3. Biomarkers Of Metabolic Syndrome

The term "marker" is defined as the molecule which serves as an indicator of any defects or alterations in the cells, tissues or whole organism. Biochemical markers help to diagnose or predict the causes and changes in normal conditions and can be represented by different chemical substances such as a specific proteins (antigen, antibody, abnormal enzyme, or hormone), low molecular metabolites or xenobiotics, etc. These substances can be found in blood, urine or any fluid in the body.

The clinical criteria that are the most commonly accepted for diagnostic of MetS include abdominal or central obesity, elevated levels of serum triacylglycerides (TAG) and glucose, increased blood pressure, and low levels of high-density lipoproteins (HDL). When patients have three or more of these signs, they are diagnosed with metabolic syndrome [1, 2, 8].

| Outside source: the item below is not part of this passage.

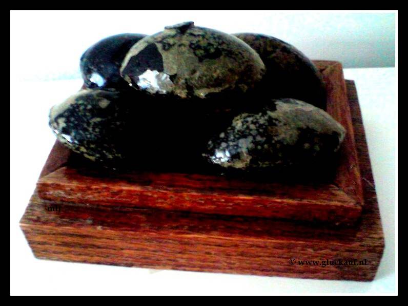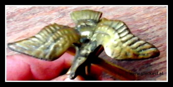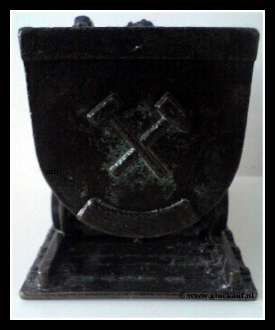 Waarschijnlijk een onderdeel van een asbak gemaakt van messing. De meesten mijnwerkers deden aan duivensport. © L. van den Hooren/ www.gluckauf.nl

Adipose tissue consists of adipocytes and many immune cells that produce a variety of biologically active compounds, including adipokines, such as adiponectin and leptin, chemokines, such as monocyte chemoattractant protein (MCP-1), and pro-inflammatory cytokines, such as tumor necrosis factor alpha (TNF-a) and interleukins 1Я (IL-1Я) and 6 (IL-6). Many of these compounds can serve biochemical markers of MetS [13].

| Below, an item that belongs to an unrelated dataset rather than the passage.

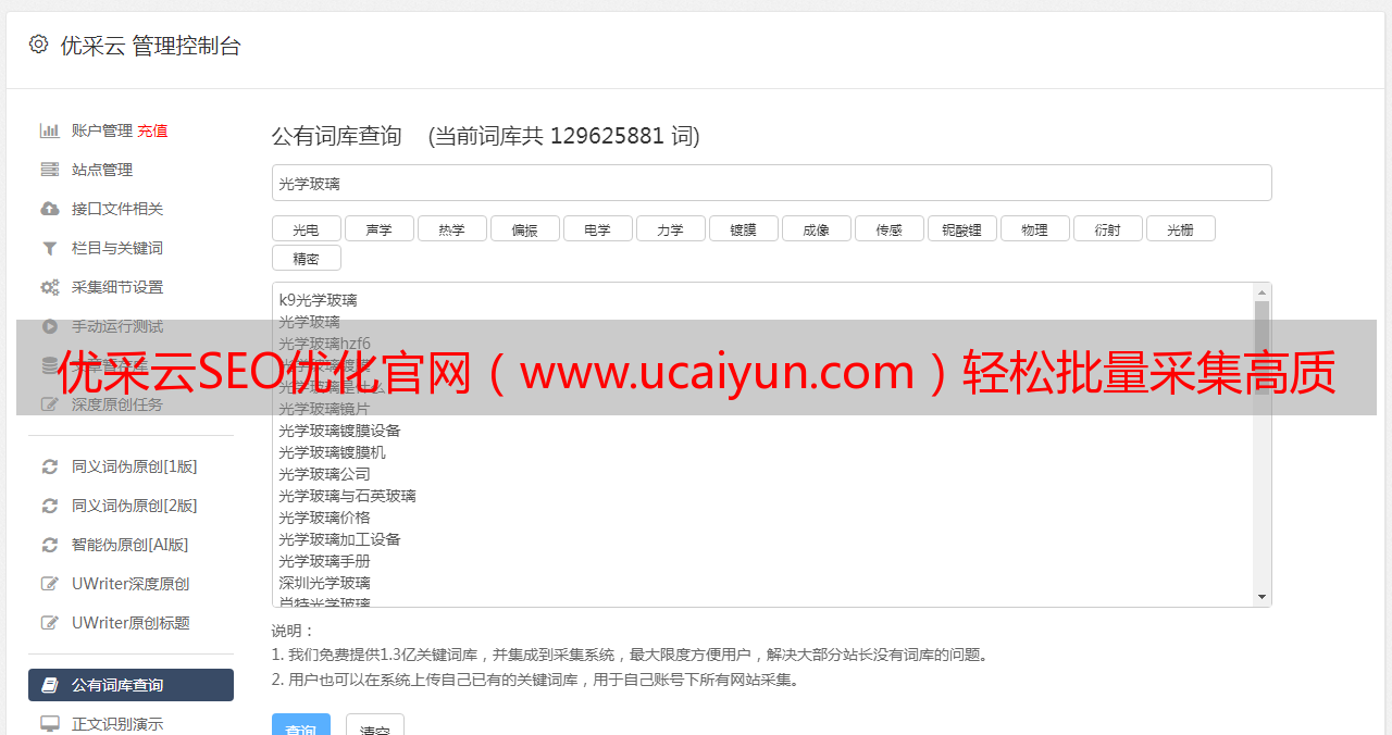 优采云SEO优化官网(www.ucaiyun.com)轻松批量采集高质伪原创

3.1 Classical metabolic markers

The total cholesterol and TAG concentrations are commonly significantly higher in patients the MetS than in healthy group. This correlates with the accumulation of lipids in adipose tissue and increase in hepatic synthesis and secretion of lipoproteins [18]. Kamso et al. showed that among Indonesian patients with the MetS more women than men had increased waist circumferences and elevated TAG. In addition, more men than women had impaired fasting glucose and hypertension [19]. Skalicky et al. also confirmed that obese patients had significant elevation of TAG concentration and a significant decrease in HDL cholesterol in comparison with healthy controls [20].

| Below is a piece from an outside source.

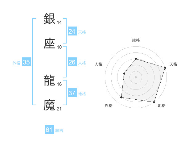 銀座 龍魔さんを姓名の画数から五運を鑑定

The mechanisms responsible for the alterations in lipid metabolism associated to the MetS involve a high lipolytic activity in visceral adipose tissue resulting in a supply to the liver of large amounts of free fatty acids associated to increased glucose and insulin concentrations. Eventually it results in the increased circulatory concentrations of TAG and cholesterol and their accumulation in muscle and other tissues. This phenomenon of lipotoxicity provokes both the inflammation of pancreatic Я-cells and a decrease of their mass [18, 21].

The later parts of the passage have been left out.